LinuxLists.cc - [RFC PATCH 00/11] sched: CFS low-latency features

2010-08-26 18:15:59

Subject: [RFC PATCH 00/11] sched: CFS low-latency features

Hi,

Following the findings I presented a few months ago
(http://lkml.org/lkml/2010/4/18/13) about CFS having large vruntime spread
issues, Peter Zijlstra and I pursued the discussion and the implementation
effort (my work on this is funded by Nokia). I recently put the result together
and came up with this patchset, combining both his work and mine.

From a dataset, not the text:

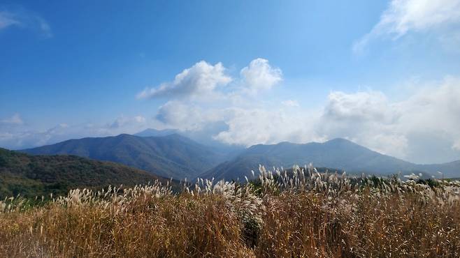 처음 시작은 배너미 고개입니다. 근처에 가시면 갓길에 차가 즐비합니다. ATV도 올라가는 임도로 시작합니다. 단풍과 잣나무, 그리고 야생화가 반기는 쉬운 임도로 오릅니다. 사실 거의 산책 수준이에요. 억새군락지에서는 시원한 조망과 억새의 멋진 모습을 눈에 담을 수 있습니다.

With this patchset, I got the following results with wakeup-latency.c (a 10ms
periodic timer), running periodic-fork.sh, Xorg, make -j3 and firefox (playing a
youtube video), with Xorg moving terminal windows around, in parallel on a UP
system (links to the test program source in the dyn min_vruntime patch). The
Xorg interactivity is very good with the new features enabled, but was poor
originally with the vanilla mainline scheduler. The 10ms timer delays are as
follow:

2.6.35.2 mainline* with low-latency features**
maximum latency: 34465.2 µs 8261.4 µs
average latency: 6445.5 µs 211.2 µs
missed timer events: yes no

* 2.6.35.2 mainline test needs to run periodic-fork.sh for a few minutes first
to let it rip the spread apart.

** low-latency features:

with the patchset applied and CONFIG_SCHED_DEBUG=y
(with debugfs mounted in /sys/debugfs)

for opt in DYN_MIN_VRUNTIME \
NO_FAIR_SLEEPERS FAIR_SLEEPERS_INTERACTIVE FAIR_SLEEPERS_TIMER \
INTERACTIVE TIMER \
INTERACTIVE_FORK_EXPEDITED TIMER_FORK_EXPEDITED;
do echo $opt > /sys/debugfs/sched_features;
done

These patches are designed to allow individual enabling of each feature and to
make sure that the object size of sched.o does not grow when the features are
disabled on a CONFIG_SCHED_DEBUG=n kernel. Optimization of the try_to_wake_up()
fast path when features are enabled could be done later by merging some of these
features together. This patchset is based on 2.6.35.2.

Feedback is welcome,

Thanks,

Mathieu

--
Mathieu Desnoyers
Operating System Efficiency R&D Consultant
EfficiOS Inc.
http://www.efficios.com

2010-08-26 18:57:37

by Peter Zijlstra

[permalink] [raw]

Subject: Re: [RFC PATCH 00/11] sched: CFS low-latency features

On Thu, 2010-08-26 at 14:09 -0400, Mathieu Desnoyers wrote:
> Feedback is welcome,
>
So we have the following components to this patch:

- dynamic min_vruntime -- push the min_vruntime ahead at the
rate of the runqueue wide virtual clock. This approximates
the virtual clock, esp. when turning off sleeper fairness.
And is cheaper than actually computing the virtual clock.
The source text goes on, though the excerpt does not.